At the bottom of your generated report, a horizontal bar chart visualizes your flight activity across calendar months. The Monthly Trend chart helps you spot seasonal patterns, peak operational periods, and gaps in your flying schedule.

How to Read the Chart

Each horizontal bar represents one calendar month and displays:

  • Bar width — Proportional to the number of flights in that month. The month with the most flights gets the longest bar; all other bars scale relative to it.
  • Month label — Displayed at the left of each bar (e.g., "January 2025", "Feb 2025").
  • Flight count — A numeric label inside or beside the bar showing the exact count (e.g., "12 flights").

Data Coverage

The monthly trend chart only shows months that contain at least one matching flight. Empty months are omitted from the display. For example, if you filter for "BLOS flights" but had no BLOS operations in March 2025, March will not appear on the chart.

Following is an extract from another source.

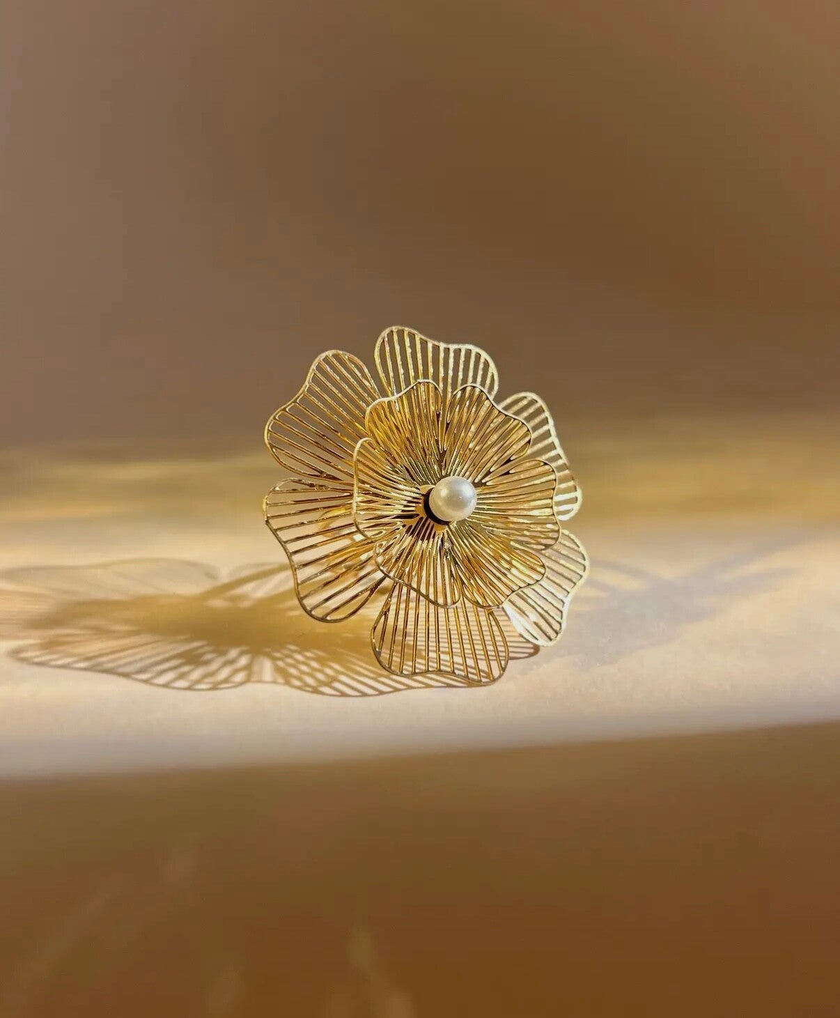 Une pièce audacieuse et élégante qui ne passe pas inaperçue. Cette grosse bague légère, dorée et travaillée en forme de fleurs, offre un style unique et raffiné. Son design métallique met en valeur chaque détail, tout en restant agréable à porter grâce à sa légèreté.

Combine with Date Range Filter

To zoom into a specific time period, use the Date Range filter before generating your report. This lets you narrow the chart to a particular quarter, season, or custom date range:

  • Set Start Date = January 1, 2025 and End Date = March 31, 2025 to see a Q1 trend.
  • Narrow to a single month (Start = Jan 15, End = Jan 31) to see daily granularity would require exporting to CSV; the monthly chart aggregates by calendar month regardless.

Using Trends for Planning

The monthly trend chart is useful for several operational insights:

  • Maintenance scheduling — Identify high-activity months and schedule maintenance during lower-activity periods.
  • Resource allocation — Adjust pilot or UAV availability based on predicted busier months.
  • Compliance audits — Verify that flight activity aligns with expected operational tempo for your organization.
  • Business planning — Use historical trends to forecast demand and budget needs for the next fiscal year.

Example Interpretation

Suppose your monthly trend shows:

  • January: 8 flights
  • February: 12 flights (longest bar)
  • March: 5 flights
  • April: 9 flights

This pattern suggests February was your highest-activity month. You might investigate why (weather, seasonal demand, special project) and compare to the same months in the previous year to identify recurring trends.

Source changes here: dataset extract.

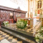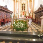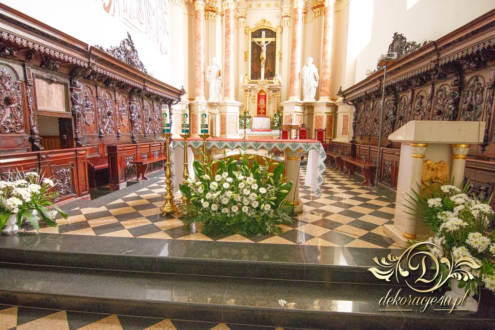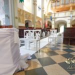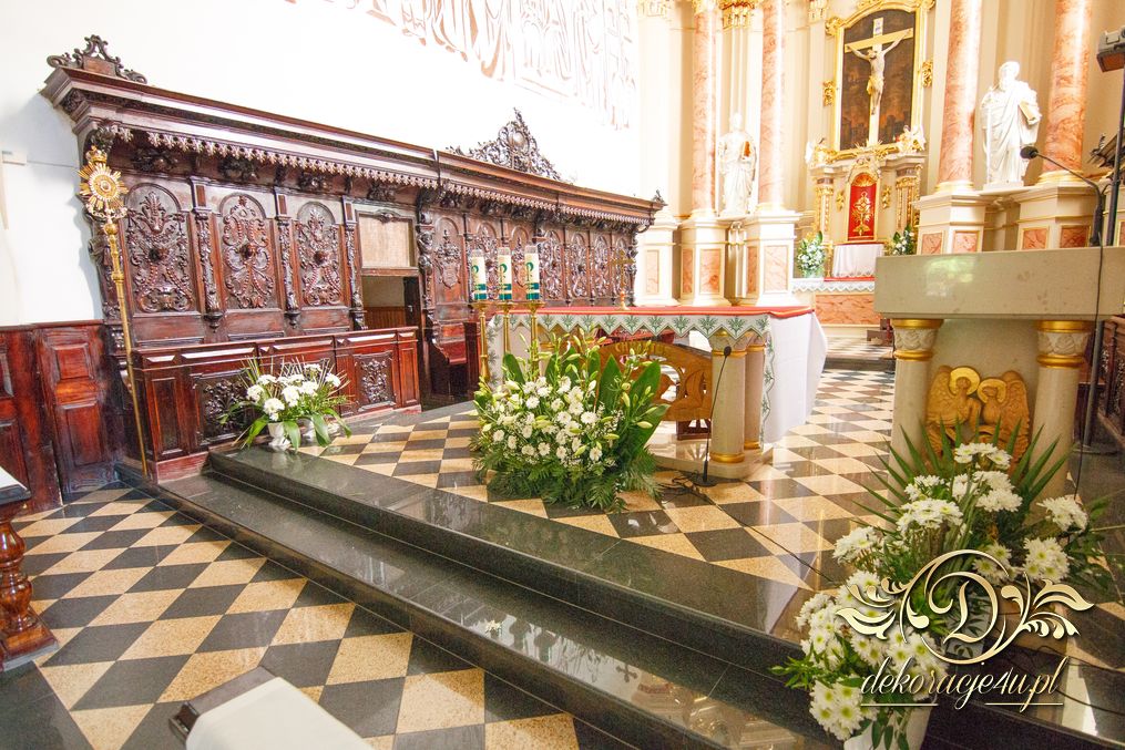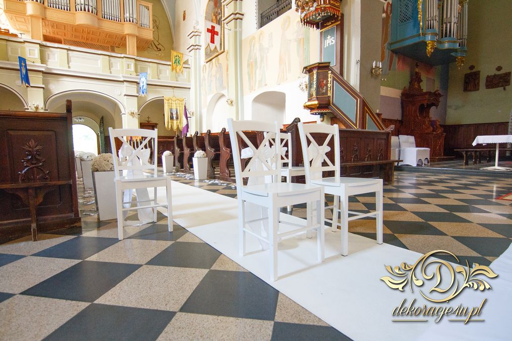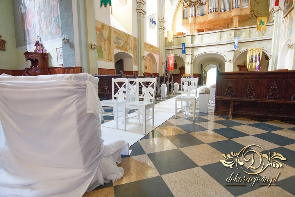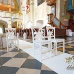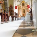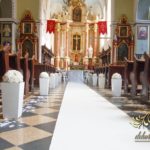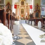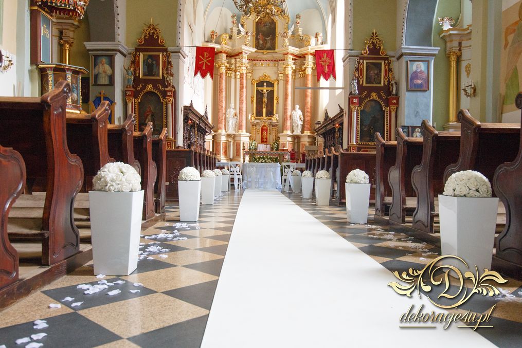 Dekoracja kościoła wykonana w bieli. Biały dywan z płatkami róż, a miedzy ławeczkami białe donice z kulami kwiatowymi. Dodatkowo białe krzesła, które idealnie pasuja na każdy ślub. Na ołtarzach kwiaty.

Note: The monthly trend is based on flight start date, not landing date. A flight that starts on January 31 at 23:55 and lands February 1 at 00:10 will appear in the January bar.

Limitations

The monthly trend chart uses calendar months (1st – last day) as its grouping unit. If you need:

  • Daily granularity — Export to CSV and analyze in a spreadsheet or data tool.
  • Weekly breakdown — Export to CSV and create your own pivot table.
  • Fiscal-year grouping — Export to CSV and manually segment by your fiscal period.